◆ **Work required**
Write out word for word each line of the records, beginning at the first and stopping after the line with "2月17日,生意社异丁醛基准". Leave the pictures out.

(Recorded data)
__________

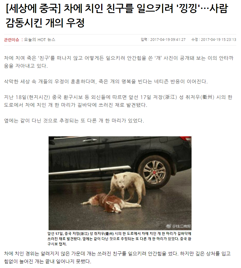차에 치인 친구를 일으키려 '낑낑'…사람 감동시킨 개의 우정 > 자유게시판
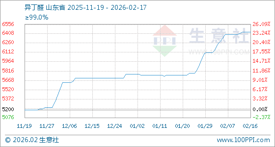 2月17日,生意社异丁醛基准价为6433.33元/吨,与本月初(6106.67元/吨)相比,上涨了5.35%。
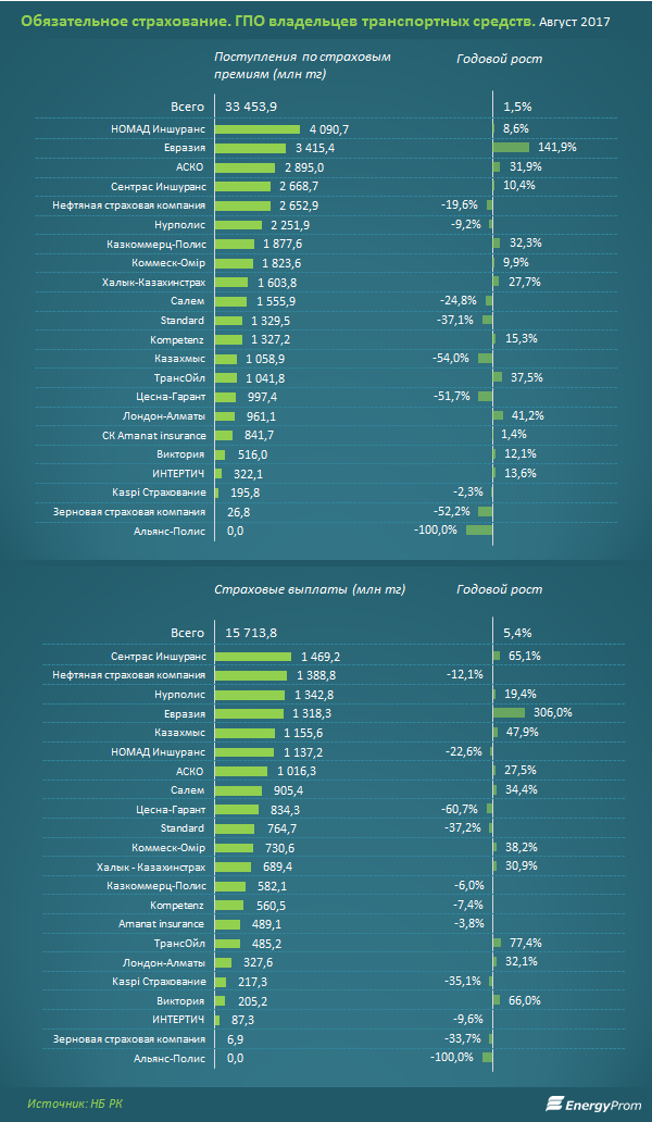 За январь-август страховые компании собрали премии в сегменте обязательного страхования гражданско-правовой ответственности автовладельцев в размере 33,5 млрд тг — это на 1,5% больше, чем в аналогичном периоде годом ранее. Лидируют объемами собранных премий «Номад Иншуранс» — 4,1 млрд тг, +8,6% за год, «Евразия» — 3,4 млрд тг, годовой рост — сразу в 2,4 раза, и «Аско» — 2,9 млрд тг, +31,9% за год.
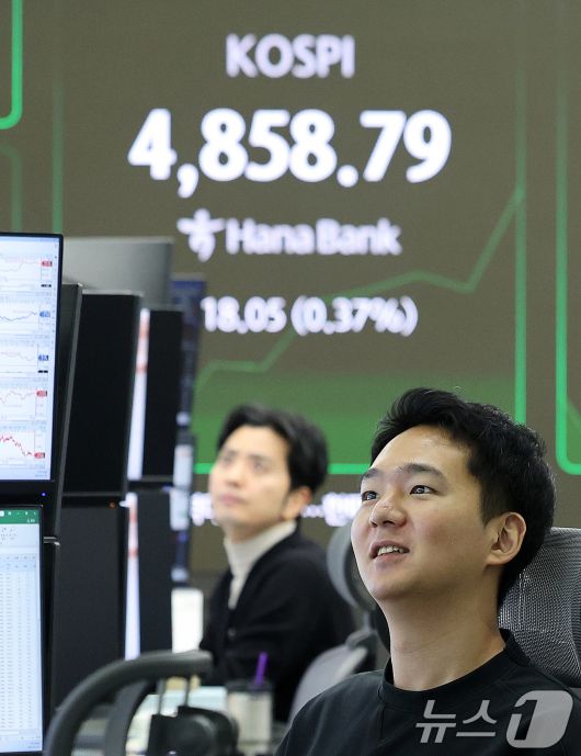 (서울=뉴스1) 박지혜 기자 = 하락 출발했던 코스피가 장 초반 상승 전환한 19일 서울 중구 하나은행 본점 딜링룸 전광판에 코스피 지수가 나타나고 있다. 이날 코스피는 장중 4858.79까지 올라 신고가를 경신하기도 했다. 2026.1.19/뉴스1
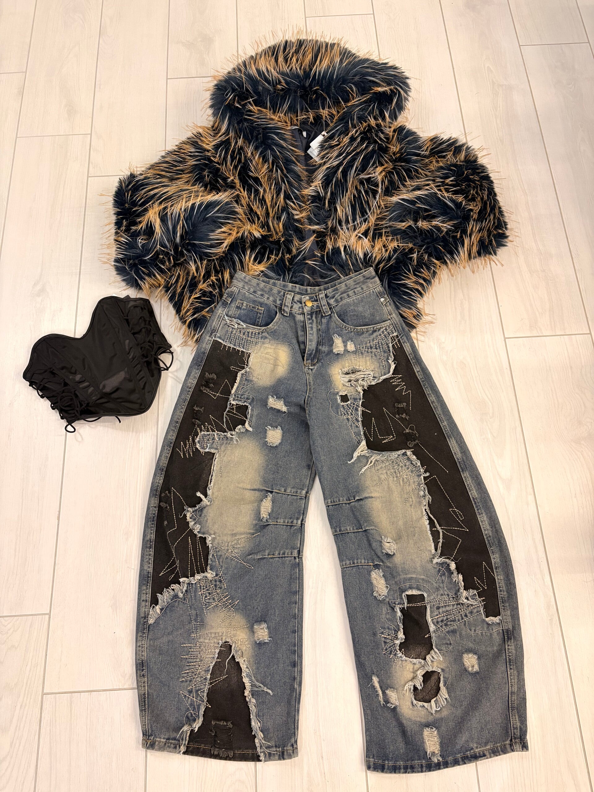 Jeans modello balloon con strappi e inserti neri effetto patch. Vita alta, vestibilità morbida, tessuto denim rigido. Calza da XS a
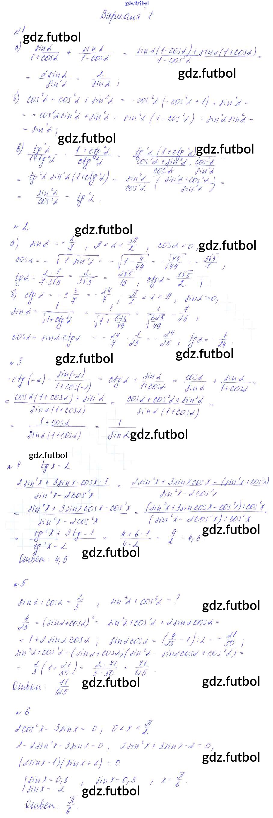 Готовые домашние задания по Алгебре за 9 класс Зив Дидактические материалы 2013 ФГОС - КР-4. Основные тригонометрические тождества вариант 1
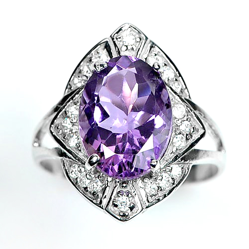 Purple Amethyst Real 925 Sterling Silver 5.05 G. Ring Size 9.5 Natural Gemstone
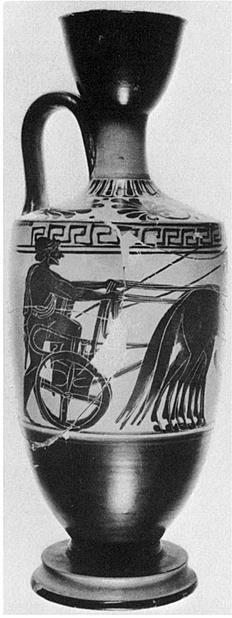 | Description: | Mended from many pieces; a few small wall fragments missing. Deep bell mouth; neck inset from shoulder; sloping shoulder; thick ring at base of wall; elaborately profiled foot. On shoulder, tongues and palmettes with dots (three and two); lotus buds next handle. Key right above picture; glazed line as ground line and a couple of red lines below at the top of the glazed wall. Man mounting chariot, right; himation, greaves, wreath; he holds the reins with both hands and the goad in the right. Near the front legs of the horses and behind them walks a dog. In front of the team, a Doric column. White for the wreath and dots of himation, also patches on the third horse and a stripe on the belly of the dog. Gela Painter. Cf. the people and the dog on Haspels (1936), pl. 24, 2a (also the chariot and horses though not so completely). For the profile of the foot, cf. Haspels (1936), pl. 26,1, but the mouth differs. For the foot of this and of the fountain house lekythos (P 24106), cf. also Jacobsthal, O., pl. 54a (for the fountain house) and pl. 54b (for this piece). | |
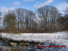 Miejsce po pałacu i fragment muru oporowego stanowiącego jego już ostatni element.
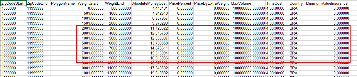 PolygonNameThe polygon identification defined in the geolocation function.To use geolocation, after filling in the PolygonName column with the desired values, fill in the ZipCodeStart and ZipCodeEnd columns with the value 0.
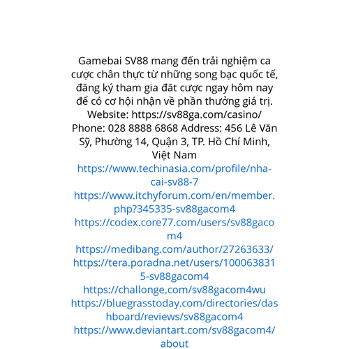 Website: https://sv88ga.com/casino/ Gamebai SV88 mang đến trải nghiệm ca cược chân thực từ những song bạc quốc tế, đăng ký tham gia đăt cược ngay hôm nay để có cơ hội nhận về phần thưởng giá trị. Phone: 028 8888 6868 Address: 456 Lê Văn Sỹ, Phường 1
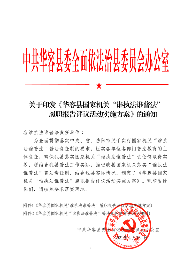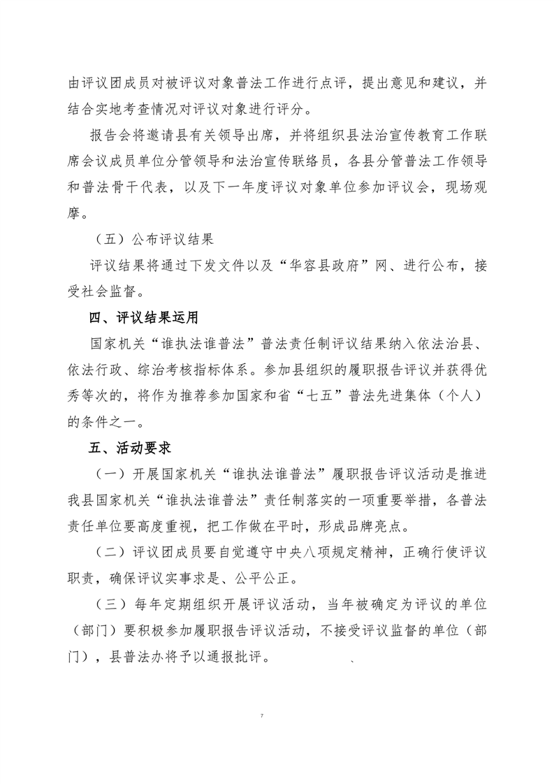关于印发《华容县国家机关“谁执法谁普法”履职报告评议活动实施方案》的通知
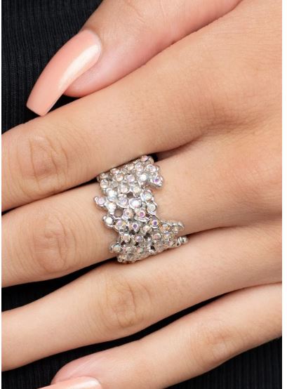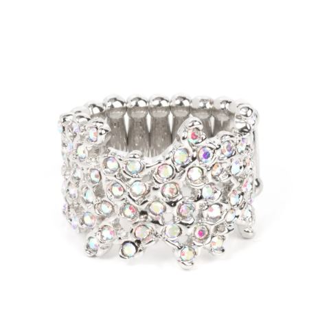 Enhanced with shiny silver fittings, glittery iridescent rhinestones scatter across the finger for a subtle shimmer. Features a stretchy band for a flexible fit.

__________

◆ **Response below**
차에 치인 친구를 일으키려 '낑낑'…사람 감동시킨 개의 우정 > 자유게시판
 2月17日,生意社异丁醛基准价为6433.33元/吨,与本月初(6106.67元/吨)相比,上涨了5.35%。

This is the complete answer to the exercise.